Essentials of Anchor
Experiments are inputs, task, outputs
An experiment is roughly-speaking the execution of a task on inputs to produce outputs.
outputs = task(inputs)
Inputs are usually images (or images plus extras). Outputs can be images, text-files, CSVs, XML or any other file-type.
To run an experiment, these three elements must be defined, though often by defaults.
Default experiment
Anchor offers first sensible defaults, allowing for greater definition later.
The default-experiment occurs when you type anchor
without options, and:
- reads image files (inputs) from the current working directory.
- prints some summary information (a task).
- produces no outputs.
$ anchor
Searching for inputs as per default experiment.
Learn how to select inputs, outputs and tasks with 'anchor -h'.
Found 3 inputs.
-> All inputs have extension = jpg
-> File-sizes range across [1 MB to 7 MB] with an average of 4 MB.
-> D:\Users\owen\Pictures\SomeAlbum\${0}.jpg
${0} = "mar" (1) | "jan" (1) | "feb" (1)
Overriding elements on command-line
Each element (inputs, task, outputs) can be overridden using a command-line option -i
or -t
or -o
as follows:
Changing inputs with -i
Option | Description |
---|---|
<ommitted> | default: reads images recursively from current directory |
-i path to XML file |
input as defined in BeanXML at this path |
-i wildcards |
reads files matching the wildcards (e.g. -i *.jpg ) |
-i path to directory |
reads images recursively from the specified directory |
When specifying a directory (without wildcards), files are filtered against list of popular image file extensions.
Changing the task with -t
Option | Description |
---|---|
<ommitted> | default: summary statistics for current inputs |
-t path to XML file |
task as defined in BeanXML at this path |
-t another string |
looks for a task in config/tasks/ matching this name |
Changing outputs with -o
Option | Description |
---|---|
<ommitted> | default: writes into a temporary directory |
-o path to XML file |
output as defined in BeanXML at this path |
-o another string |
writes into the specified directory (creates a subdirectory) |
Combining options
These options can be combined to accomplish both simple and complex pipelines (defined in BeanXML).
Some example commands:
# input from wildcards, task by name, output into a specific absolute directory
anchor -i *.png -t grayscale -o 'c:\Temp\GrayscaleAlbum\'
# task by name
anchor -t summarizeImages
# input and task from BeanXML, output into a specific relative directory
anchor -i sunday-hike.xml -t generate_thumbnail.xml -o ../thumbnails/
Defining an entire experiment in BeanXML
Instead of element-wise definition on the command line (with -i
, -t
, -o
etc.), an entire experiment can be defined in BeanXML, and simply called from the command-line as a whole, e.g. anchor pathToSomeExperiment.xml
.
In full reality, an experiment has more than three elements, as well as wide parameterization possibilities, all initially hidden by defaults.
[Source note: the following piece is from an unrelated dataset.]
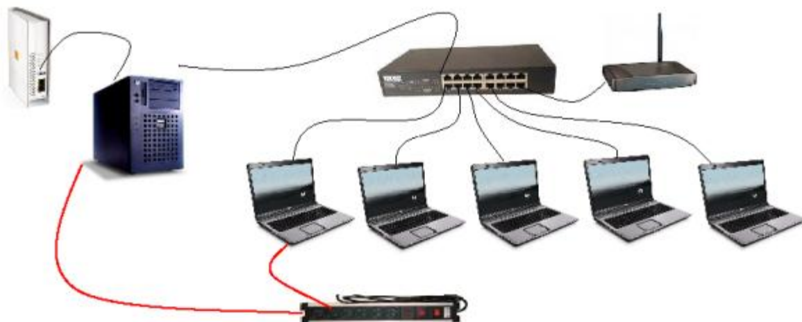
Mise en place du pack informatique avec câblage

BeanXML provides more finely-grained definition.
Outputs and logs are structured
Two message-logs are produced:
experimentLog.txt
for the experiment as a whole and also printed to the console.jobLog.txt
for each input but only if an error occurs.
Outputs are produced by default in a temporary directory, easily changed with the -o
options.
Parallelization
Inputs are processed in parallel if possible. Some tasks can be executed each input entirely independently, and so fully in parallel across cores; others involve shared memory and a mixture of parallel and sequential steps.